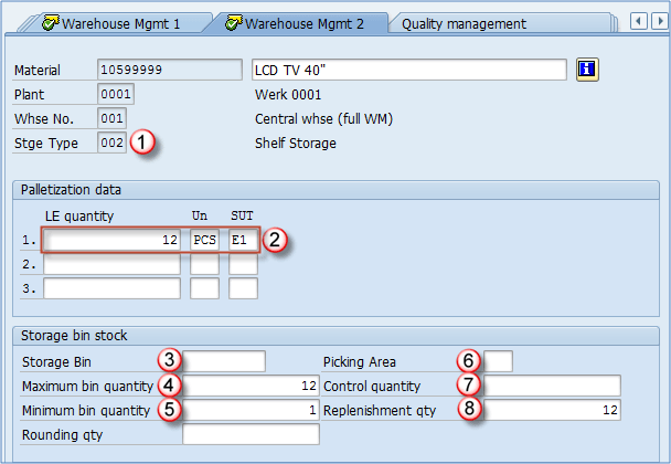 - 最大仓数量: 这通常是货盘化数据中维护的一个数字,在我们的例子中是 12 PCS。在检查库存放置时使用,系统不允许在单个仓中存储超过 12 PCS。物料主数据中的仓库管理 2 视图
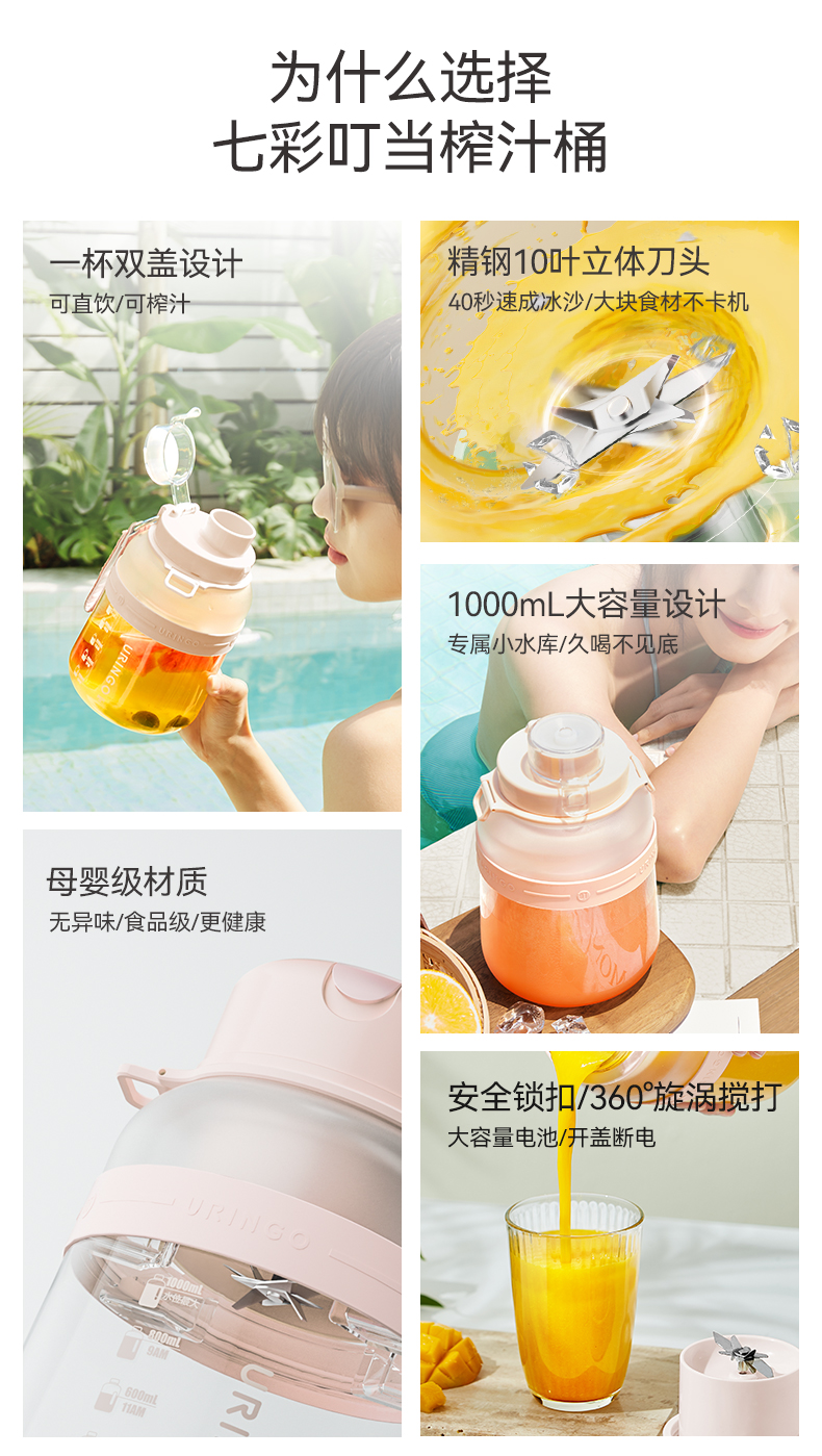 七彩叮当榨汁杯家用多功能榨汁机小型便携式电动吨吨榨汁桶果汁杯
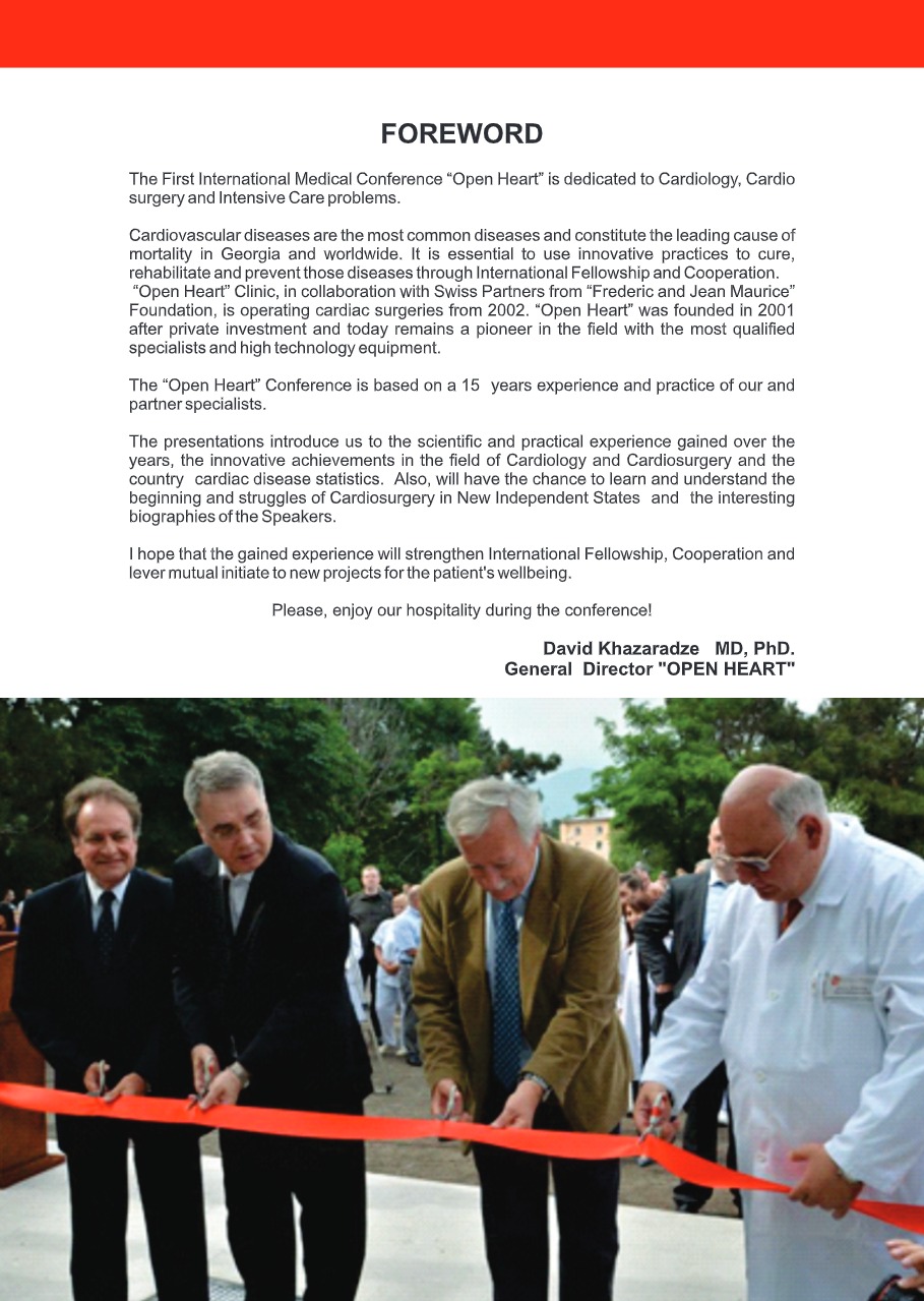 2015 წლის 6 ივნისს, კარდიოქირურგიული კლინიკა ,, ღია გულის’’ ეგიდით, პირველი საერთაშორიოს სამედიცინო კონფერენცია ,, ღია გული’’ ჩატარდა.

■ What to do
Return the material above verbatim. Pictures are to be excluded.

■ Written answer
 - 最大仓数量: 这通常是货盘化数据中维护的一个数字,在我们的例子中是 12 PCS。在检查库存放置时使用,系统不允许在单个仓中存储超过 12 PCS。物料主数据中的仓库管理 2 视图
 七彩叮当榨汁杯家用多功能榨汁机小型便携式电动吨吨榨汁桶果汁杯
 2015 წლის 6 ივნისს, კარდიოქირურგიული კლინიკა ,, ღია გულის’’ ეგიდით, პირველი საერთაშორიოს სამედიცინო კონფერენცია ,, ღია გული’’ ჩატარდა.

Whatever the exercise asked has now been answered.